David Quirke

Personal information
- Native name: Daithí Ó Coirc (Irish)
- Born: 11 July 1970 (age 55) Midleton, County Cork, Ireland
- Occupation: Director/Owner at Audi Cork/Blackwater Motors
- Height: 5 ft 11 in (180 cm)

Sport
- Sport: Hurling
- Position: Centre-back

Club
- Years: Club
- Midleton

Club titles
- Cork titles: 2 1987 and 1991
- All-Ireland Titles: 1988

College
- Years: College
- Harty Cup 1988

Inter-county*
- Years: County / Apps (scores)
- 1990-1996: Cork / 9 (0-2)

Inter-county titles
- Munster titles: 1
- All-Irelands: 1
- NHL: 0
- All Stars: 0
- *Inter County team apps and scores correct as of 19:52, 5 August 2014.

= David Quirke (hurler) =

Irish hurler

David Quirke (born 11 July 1970) is an Irish retired hurler who played as a centre-back for the Cork senior team.

Born in Midleton, County Cork, Quirke first played competitive hurling during his schooling at Midleton CBS Secondary School. He arrived on the inter-county scene at the age of seventeen when he first linked up with the Cork minor team before later joining the under-21 side. He made his senior debut during the 1990 championship. Quirke went on to become a regular member of the team for a number of years, winning one All-Ireland medal and one Munster medal.

At club level Quirke is a one-time championship medallist with Midleton.

Throughout his career Quirke made nine championship appearances for Cork. He retired from inter-county hurling following the conclusion of the 1996 championship. Following his retirement Quirke became Captain of Fota Island Golf Club 2014 the year the Irish Open was hosted by Fota Island Golf Club. He is currently owner/shareholder/Director of the Cork Based Blackwater Motors/ Audi Cork Group.

==Playing career==
===Club===

In 1987 Quirke was still eligible for the minor grade when he joined the Midleton senior team. He was an unused substitute that year as Midleton defeated Na Piarsaigh by 2-12 to 0-15 to win the championship. He later won a Munster medal as a non-playing substitute following Midleton's narrow 1-12 to 1-11 defeat of Cappawhite. On 17 March 1988 Midleton faced Athenry in the All-Ireland decider and a close game developed. Two early goals by Kevin Hennessy and a kicked goal by Colm O'Neill gave Midleton a 3–8 to 0–9 victory and gave Quirke, who was once again a non-playing substitute, an All-Ireland Senior Club Hurling Championship medal.

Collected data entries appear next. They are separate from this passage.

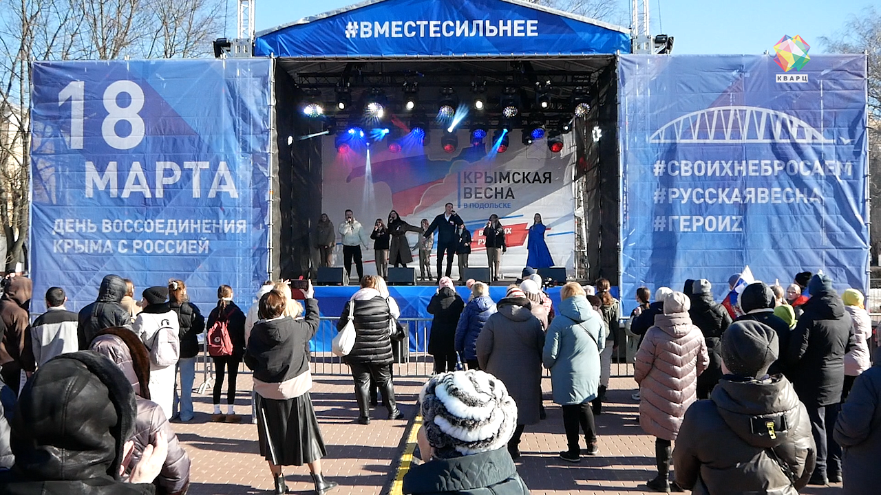 - По всей стране проходят праздничные мероприятия по случаю воссоединения Крыма с Россией, и, конечно, Подольск не мог остаться в стороне. Сегодня замечательная, солнечная погода, и на площади Славы, на главной площади нашего городского округа Подольск, у нас большое мероприятие, посвященное этому замечательному событию, - говорит Татьяна Ропот, замглавы администрации г.о. Подольск.
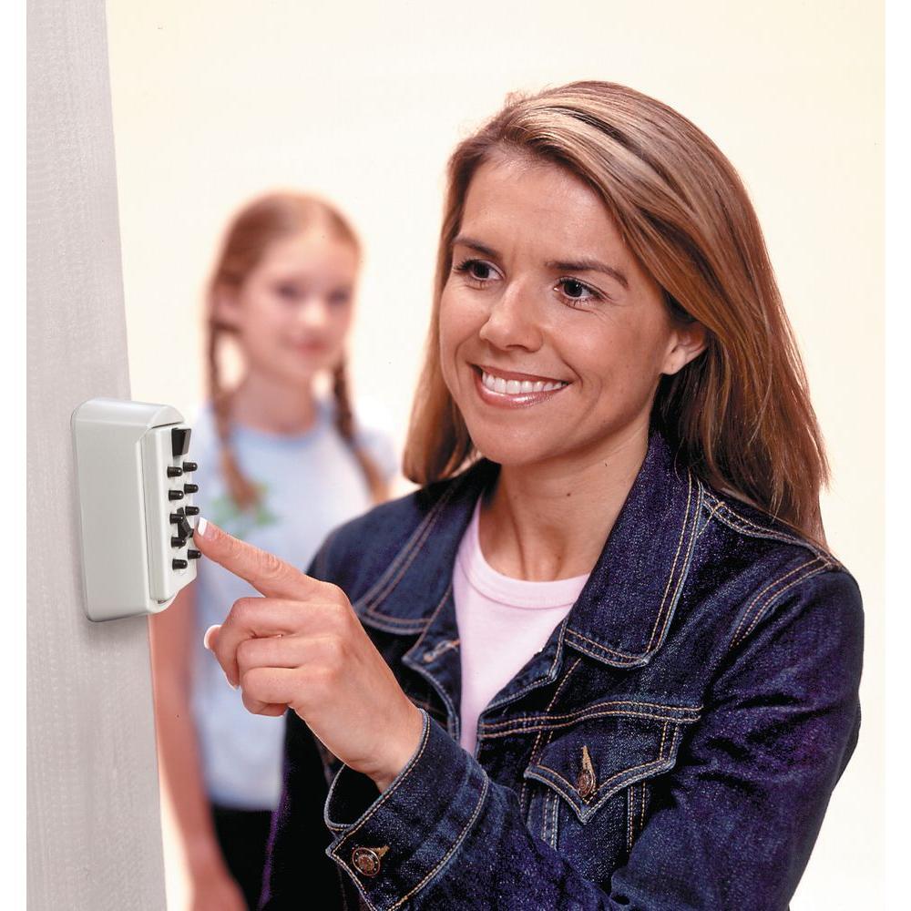 The Kidde Slimline KeySafe holds 2 keys and attaches securely to any wall or flat surface. The pushbutton combination lock is convenient and easy-to-use. You can change your code anytime for added security. This lock box features solid, weatherproof metal construction and is ideal for after-school access for children, as well as for family or emergency personnel.
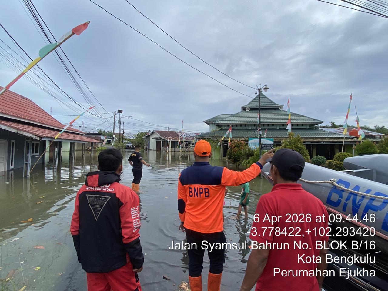 Di Provinsi Bengkulu, hujan dengan intensitas deras pada Senin (6/4/2026) dini hari telah memicu banjir berskala luas di wilayah Kota Bengkulu. Luapan air dengan ketinggian 30 hingga 100 sentimeter tersebut merendam 2.855 unit rumah, satu fasilitas ibadah, dan satu fasilitas pendidikan yang tersebar di 26 kelurahan pada delapan kecamatan. Merespons kejadian tersebut, BPBD Kota Bengkulu segera menerjunkan personel untuk melakukan asesmen, mengevakuasi warga, mendistribusikan logistik, serta mendirikan tenda pengungsian darurat.
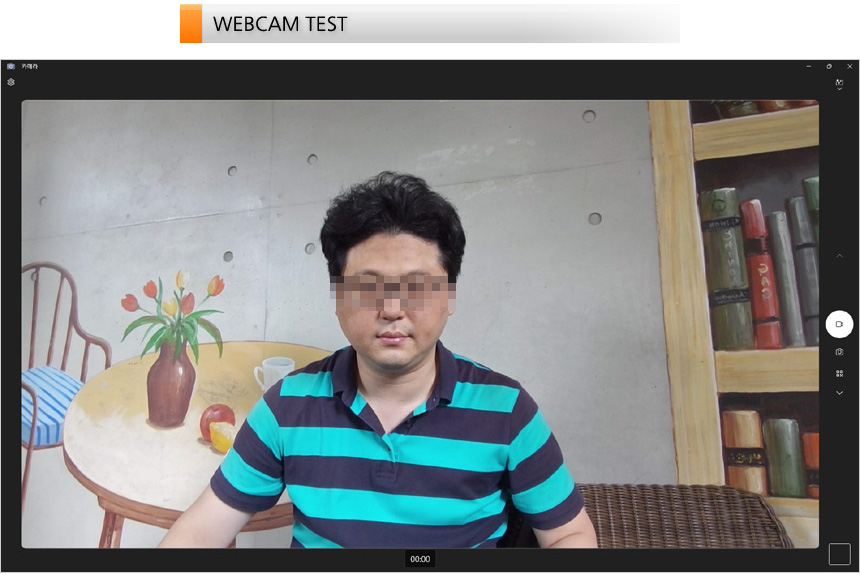 웹캠의 화질을 확인하고 있는 모습으로 5MP 고해상도를 지원해 HD 웹캠과는 디테일에서 확연한 차이를 보여주었다. 화상회의가 많은 재택근무자나 파견 및 출장이 잦은 직장인 들이 유용하게 사용할 수 있을 것이다.
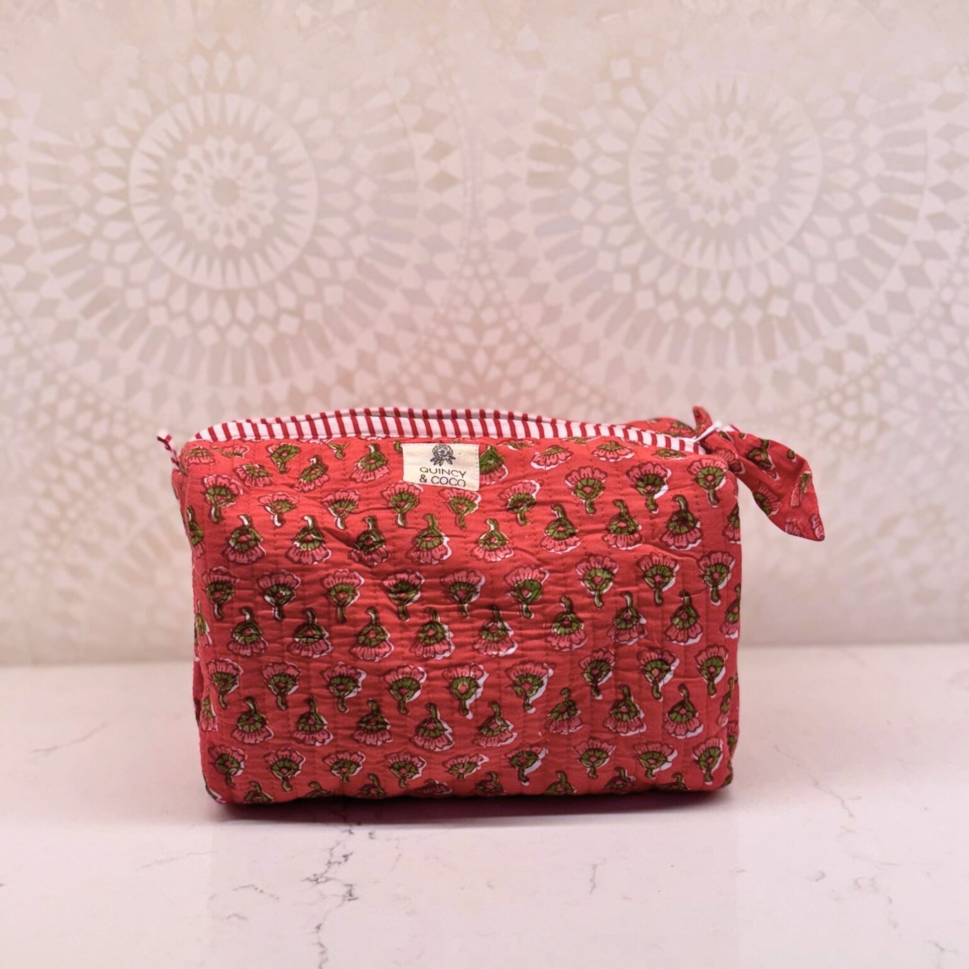 Quincy & Coco quilted makeup bags are bright, bold, and beautifully functional. Each one is handmade from soft, hand block-printed Indian cotton and finished with a water-repellent inner lining and four interior pockets to keep your cosmetics and toiletries neatly organized. A playful cloth zipper pull adds the perfect artisan touch.
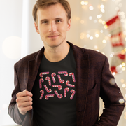Juodi UNISEX kalėdiniai marškinėliai "Kalėdiniai saldainiukai"
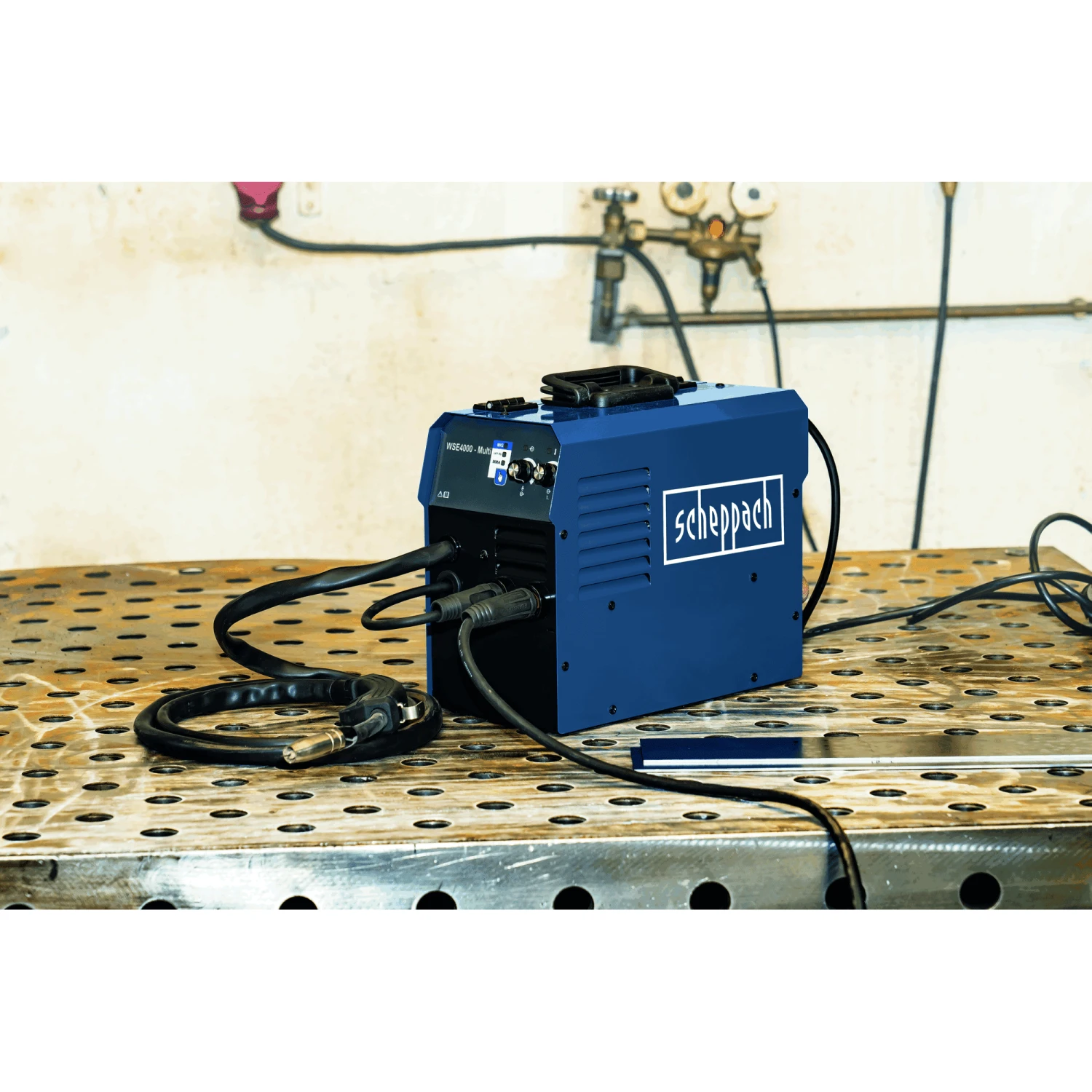 Das ‚WSE4000-Multi‘ vereint alle gängigen Schweißverfahren in einem handlichen Gerät: WIG(TIG), MIG/MAG, MMA und Fülldrahtschweißen sind damit problemlos möglich. Eine stufenlos einstellbare Stromstärke mit Spitzenwerten von 120 A, ein Druckregler zur optimalen Einstellung des Schutzgases und die beiden Schweißdüsen mit 0,6 und 0,8 mm machen das Scheppach WSE4000-Multi zu einem vielseitig einsetzbaren Schweißgerät. Dank verschiedener Schweißverfahren gelingen sichere und dauerhafte Verbindungen bei Materialstärken bis zu 5 mm und bei verschiedensten Materialien wie Aluminium, Stahl oder Edelstahl.

Quirke was a regular member of the starting fifteen by 1991 when Midleton reached the championship decider once again. A 1-17 to 1-8 defeat of Glen Rovers gave Quirke a championship medal on the field of play and his second overall.

===Inter-county===

Quirke first played for Cork as a member of the minor team on 19 May 1987 in a 2-14 t0 2-9 Munster semi-final defeat of Clare. Cork's championship campaign later ended at the hands of Tipperary.

In 1988 Quirke was still eligible for the minor grade and won a Munster medal following a 5-7 to 1-2 trouncing of Tipperary. Cork later qualified for the All-Ireland final against Kilkenny on 4 September 1988. The Cats were too strong on that occasion as Cork were defeated by 3-13 to 0-12.

Three years later Quirke was a regular member of the under-21 team. He won a Munster medal that year as Cork defeated Limerick by 0-17 to 1-7.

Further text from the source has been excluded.